Intermediary Financing to Harness RenewablesWed, 02/24/2016 - 13:08
Being entrusted by the government with the task of harnessing the participation of SMEs in the renewable energy sector through financing and other forms of assistance is not an easy task. Enrique Nieto, NAFINSA’s Director of Sustainable Projects, says that there are now equity funds available for these projects, which was not the case three years ago, due to lower internal return rates than those of industrial projects. “Suddenly, interested parties started appearing, and now we have around 20 different funds looking for projects.” In order to fulfill its obligation, NAFINSA uses intermediaries to fund SMEs. “We use commercial banks, financial intermediaries, and leasing companies, among others, as distributors of resources, as we are not able to analyze small credits individually. NAFINSA uses other banks and packages of warranties and funding through different third parties instead,” explains Nieto.
Working with intermediaries entails the responsibility of selecting the right partners to make sure the resources are well spent. In order to do so, NAFINSA has implemented a risk sharing model. The bank carries out due diligence on its potential partners’ systems and procedures, including assessments on the granting of credit. Providing warranties on a portfolio basis also reduces risks, according to Nieto. However, he points out that non-banking intermediaries are more difficult to evaluate. “These intermediaries almost have to act as a bank in terms of procedure in order for us to be able to provide warranties.” NAFINSA has different products focused on small, single projects carried out through intermediaries, which are known as selective warranties and are judged on a case-by-case basis. “These are small projects with a value of up to US$40 million, although we have carried out projects that needed US$2 million or even US$10 million.” Other banks carry out the assessments and make the decision to take the risk and share it with NAFINSA. Banks then apply for NAFINSA’s warranty, and the development bank conducts a secondary evaluation.
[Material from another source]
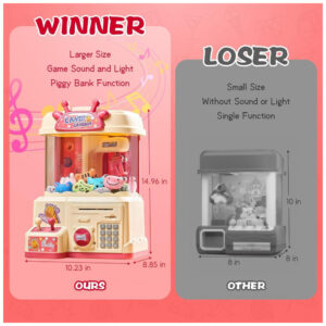 A Máquina de Garra Infantil 2 em 1 Golckuod é um brinquedo interativo que combina a diversão de uma máquina de arcade com a praticidade de um cofrinho, proporcionando horas de entretenimento para crianças de 3 a 14 anos. Com design robusto e atraente na cor rosa, esta máquina permite que as crianças coletem moedas e notas através de uma entrada dedicada, incentivando hábitos de economia de forma lúdica e envolvente.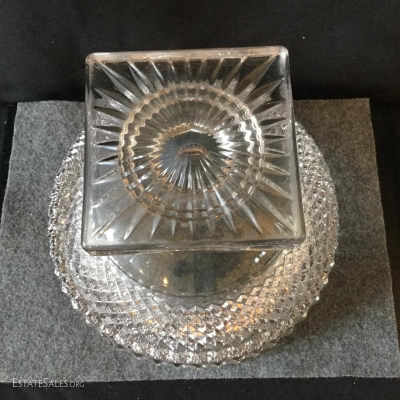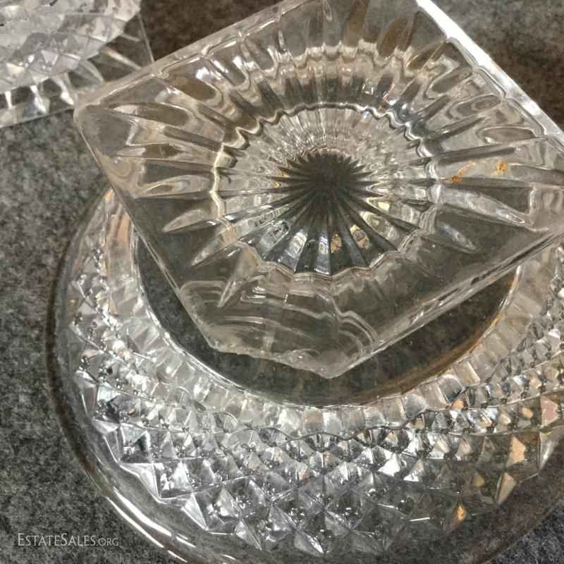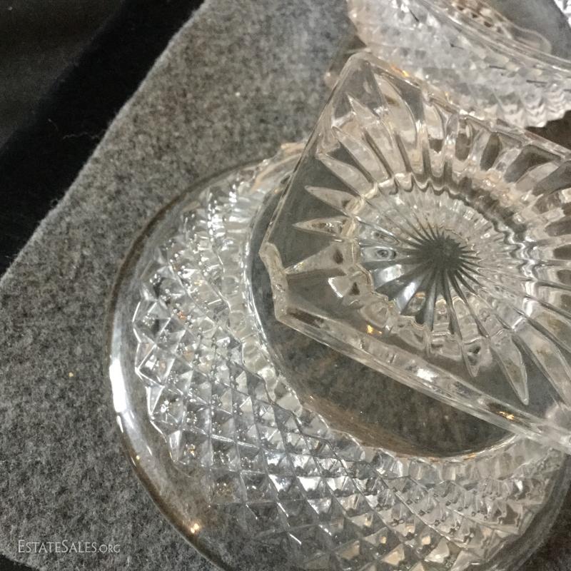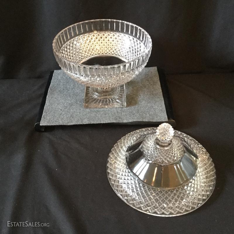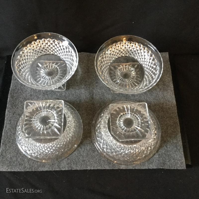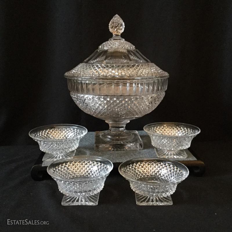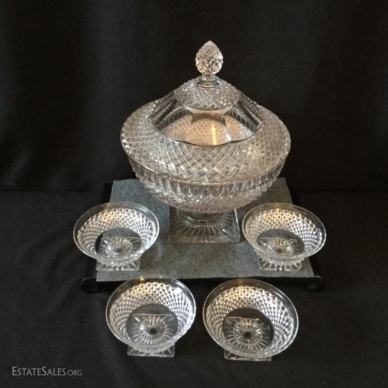 For your next dinner party serve dessert in this festive crystal covered dish and lid with four matching dessert bowls. Two of the bowls have one chipped corner on the bottom.

If the project is approved, NAFINSA agrees to take on up to half the credit risk.
Nieto recalls that the first wind project in Oaxaca was established by development banks exclusively. The situation has changed over time and now private banks are becoming increasingly involved in this sector. Commercial banks are getting more comfortable with taking the risks on projects with experienced developers and promising off-takers, a road that NAFINSA paved several years ago. This kind of competition does not raise any red flags for Nieto, as he believes that his bank’s role is not just to facilitate the entry of other financing institutions, but also to promote business generation.
NAFINSA, says Nieto, currently has a positive working relationship with commercial banks when it comes to financing renewable energy projects. “We started off with single off-takers, and then we began working with multiple off-takers. Now we are starting with lower tier companies on smaller contracts, but these pay higher tariffs, which allow for a different kind of project evaluation,” Nieto comments. He is sure that NAFINSA will eventually own a risk portfolio similar to the one the bank has with SMEs.
Nonetheless, Nieto claims NAFINSA is well-capitalized at the moment. “It is not a matter of how much capital NAFINSA has available; the bank has to be ready to finance projects at any given moment, since NAFINSA has to fund itself, which entails long-term difficulties. Therefore, the development bank tends to finance itself through multilateral organizations, as Nieto explains: “We can ask the IDB or the World Bank for money that we will subsequently lend.”
NAFINSA will be carrying out projects to enhance the market, such as bond markets, or taking portfolio risks in order to support the foreign banks that are willing to enter the country. Nieto claims these institutions trust NAFINSA and feel comfortable lending their resources due to the fact that a government development bank is involved in the projects. As a way to lure them to Mexico, NAFINSA provides funding in order to provide a peso denominated deal. Nieto says this is rather difficult to manage, but NAFINSA has found novel ways to implement this technique. It can be done by either funding the project with the bank’s guarantee, which takes on the risk while NAFINSA provides the financing, or by funding the bank, which consequently finances the project.
As time goes by, NAFINSA becomes more experienced in financing renewable energy projects. “It took us several months to evaluate ways of managing the first projects. Now, the process takes little time,” says Nieto. He claims that due diligence and authorization currently takes no longer than three months for clients with structured plans. Financing institutions like NAFINSA are still learning how to manage this sector, as Nieto explains, “Lending the money is just one part. There is an ongoing operation that needs to be mapped and replicated, resulting in an internal educational process.”